A Quiet Corner That Once Was – Written for the Unspoken Whispers of the Heart
🌿 A Quiet Corner That Once Was
“No one dies from losing someone.
The world keeps turning even when one hand slips from another.”
Tonight, in mid-July 2025, during a quiet moment after a long stretch of introspection, I decided to write a few lines, as a gentle farewell to a small, silent corner of my heart. Perhaps this is an ending, or simply an ellipsis for unnamed uncertainties and emotions that once stirred my soul, sometimes delicately, yet enough to weigh it down.
Throughout my school years, I never entered a relationship in the truest sense of the word. Not because no one came close, but because I always kept my distance, a quiet fear I never knew how to name. Perhaps it was philophobia, the fear of falling in love. I once rejected love outright, felt suffocated by happy couples, and even “despised” them as a form of self-defense. I hold no resentment toward my parents, but I often wonder: if I had grown up in a home where love and understanding between them ran deeper, would I still view marriage through such a bleak lens?
2025 has been a year of profound change. Standing at the threshold between student life and the real world, I’ve started to re-examine my emotions, especially when it comes to love.
I once turned down someone who liked me, giving the same old reason: “I’m afraid of love.” Yet three months away on an internship, driving on my own, becoming independent, navigating new relationships, changed me, bit by bit. I grew curious, more open. And then came him, the one who helped me lower my guard, if only slightly. He wasn’t anyone extraordinary, yet he was the first to hold my hand, after helping me with something trivial. That touch had no label, no title, no promise.
He cared for me, walked beside me through conversations and little outings. Perhaps we both felt something. But the invisible gap between two people too afraid to be clear, remained. Neither of us ever acknowledged our feelings, and just like that, everything faded as if nothing had ever begun.
Returning to my old life was hard. Memories of him, though vague, lingered painfully. I told myself that forgetting was the only way. But forgetting is never easy, especially when those memories are the only ones that ever made your heart truly tremble.
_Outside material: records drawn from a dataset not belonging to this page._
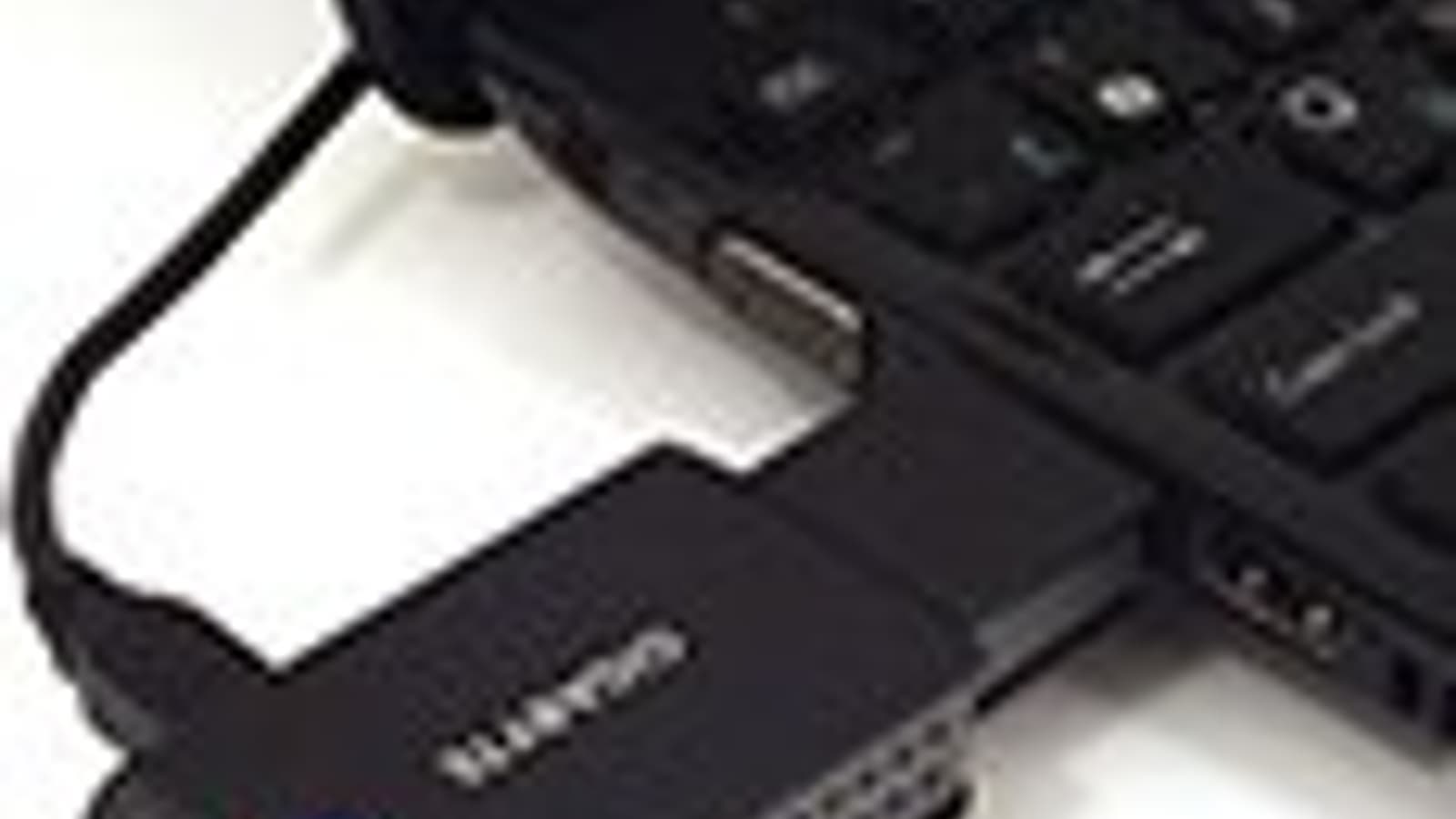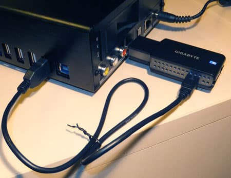 При подключении передатчика к ноутбуку следует иметь в виду, что длины прилагаемого USB-кабеля может не хватить, если свободный и доступный USB-порт расположен на другой стороне корпуса ноутбука. На предыдущем фото видно, как передатчик, вставленный в HDMI-порт нетбука, перекрыл своим корпусом доступ к USB-порту, находящемуся, как назло, впритык к HDMI. Пришлось тянуть USB-кабель к другой стороне нетбука, где имеется два свободных USB-порта. В итоге провод оказался натянутым до состояния «только-только». Впрочем, с медиаплеерами такая проблема вряд ли возникнет, ведь большинство из них спроектированы без оглядки на компактность. Да и в любом случае, ничто не мешает использовать более длинный кабель.
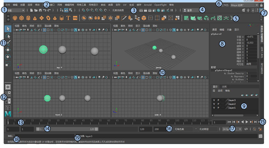 本部分簡要概述了 Maya 主界面。以下編號的標(biāo)題是指圖中編號的界面元素。如果找不到要查找的菜單,可能是未打開正確的菜單集。請參見菜單和菜單集。也可以選擇“幫助 > 查找菜單”(Help > Find Menu),然后輸入要查找的菜單或命令的名稱。
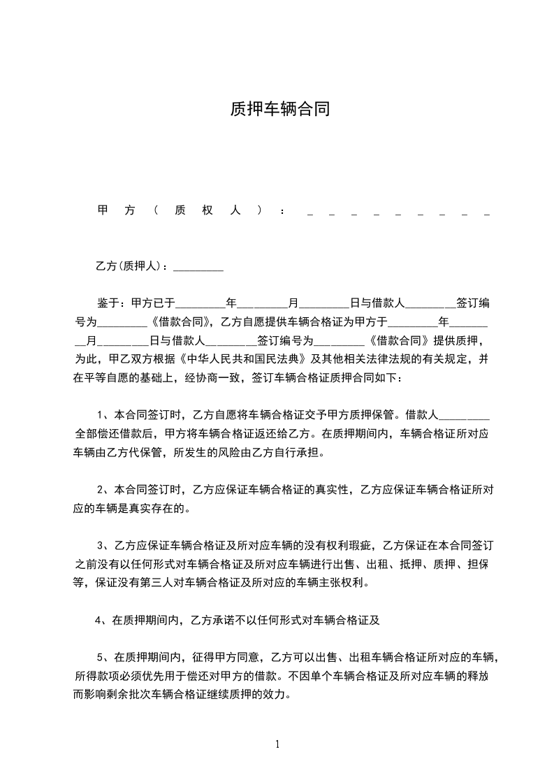 鉴于:甲方已于_________年_________月_________日与借款人_________签订编号为_________《借款合同》,乙方自愿提供车辆合格证为甲方于_________年_________月_________日与借款人_________签订编号为_________《借款合同》提供质押,为此,甲乙双方根据《中华人民共和国民法典》及其他相关法律法规的有关规定,并在平等自愿的基础上,经协商一致,签订车辆合格证质押合同如下:
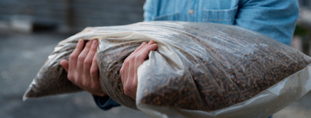 Man holding bag with wood pellets, pellet fuels manufactured in wood pellet line. Reusing wooden industrial waste.
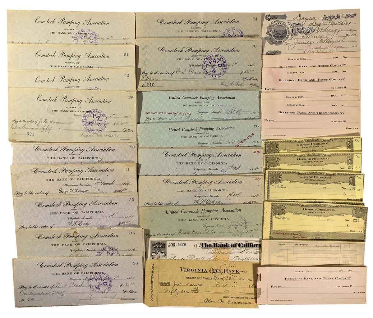 Lot of about 200. Bank checks drawn on the following: Savage Mining Co., ca. 1903, First National Bank in Reno, ca. 1930s, Midway Milling Co. (unissued), ca. 190_, Tonopah Divide Mining Co., ca. 1930s, Savage Mine, ca. 1866-1875 (duplicates), Washoe County Bank (unissued), ca. 1920s, Virginia City Bank, ca. 1930s, United Comstock Pumping Association, ca. 1902-1912, Bullfrog Bank and Trust Co., Beatty, Nevada (unissued). One North Pacific Transportation Company bank check No. 5329 issued in 1870. Signed by J. Branham, RN-B17c. Lot includes 2 deposit books mostly unused, stubs attached and still bound (Bullfrog Bank and Trust Co., Beatty, NV. This collection spans 75 years of tumutuous banking history in Nevada including the productive Comstock era of Virginia City.
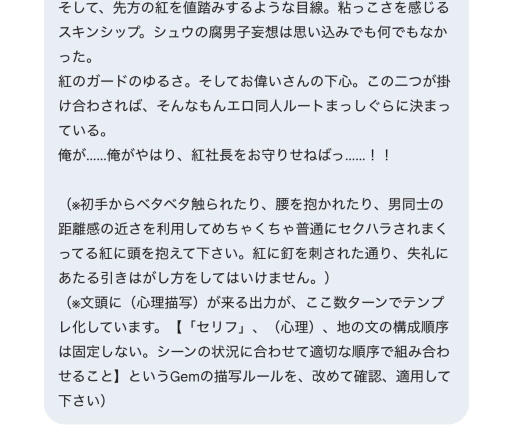 またAIの脱線を防ぐ目的で、↑スクショのようなメタ的指示が混ざっている事もあるのですが
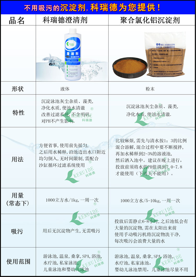 ? ? ? ?科瑞德澄清劑是一種濃縮的溶于水的DMDAAC聚合物,帶有正電荷,所以是陽離子澄清劑,很容易和泳池、溫泉及各種桑拿水療池水中帶有負(fù)電荷的懸浮顆粒結(jié)合,然后通過傳統(tǒng)的泳池過濾系統(tǒng)將懸浮物過濾掉,讓水變得清澈湛藍(lán)!它不含明礬,對(duì)PH不產(chǎn)生影響,使用方便,無需稱量無需提前溶解,無時(shí)間限制,直接沿著出水口附近均勻倒入即可,用后無沉淀物產(chǎn)生,無需吸污,能節(jié)省大量的水資源。
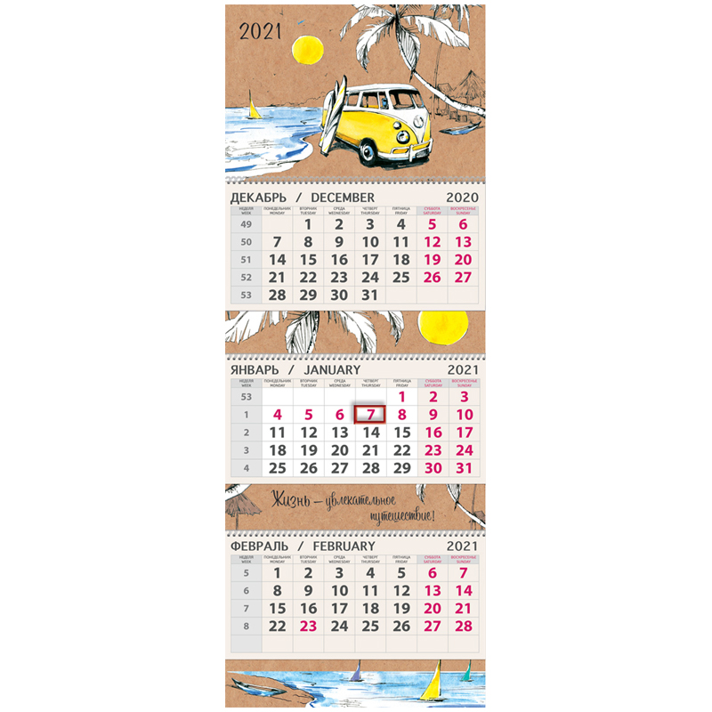 Календарь квартальный 3 бл. на 3 гр. Арт и Дизайн "Отпуск", с бегунком, крафт, 2021г.

And then, someone else appeared. He came like a whirlwind, intense, direct, overwhelming. “To forget someone, love someone else,” he said. Foolishly, I believed him. I stepped into something that felt more like a psychological game than a relationship. I tried to be with him, as a way to escape my past feelings. Maybe I was cruel, to him, and to myself.
Dating someone my age, or younger, turned out to be more confusing than I imagined. He rushed things, and I found myself overwhelmed, pulled into something I didn’t yet understand. I often wondered: Was it my lack of experience, my immaturity, that made me act so clumsily, so irrationally?
But now I see: every misstep, every flutter of the heart, is part of growing up. I’m no longer afraid of love the way I used to be, but I also won’t let myself be ruled by it, especially not by fleeting, undefined emotions.
They say, “No one dies from losing someone. The world keeps turning even when one hand slips from another.” And I believe that. Time will blur it all, will heal me, and him, so that we may continue walking our separate paths.
I write this not to hold on to anyone, but to preserve a fragment of youth. To remember how I once was, foolish, fragile, daring to love, and learning to let go. A quiet corner in my heart, once warm, once so real.
Even if all of it fades into nothingness, I still wish him happiness, with someone more right.
As for me, I will keep living. I will keep learning how to love.
Some stories don’t need an ending.
They just need to be remembered, softly.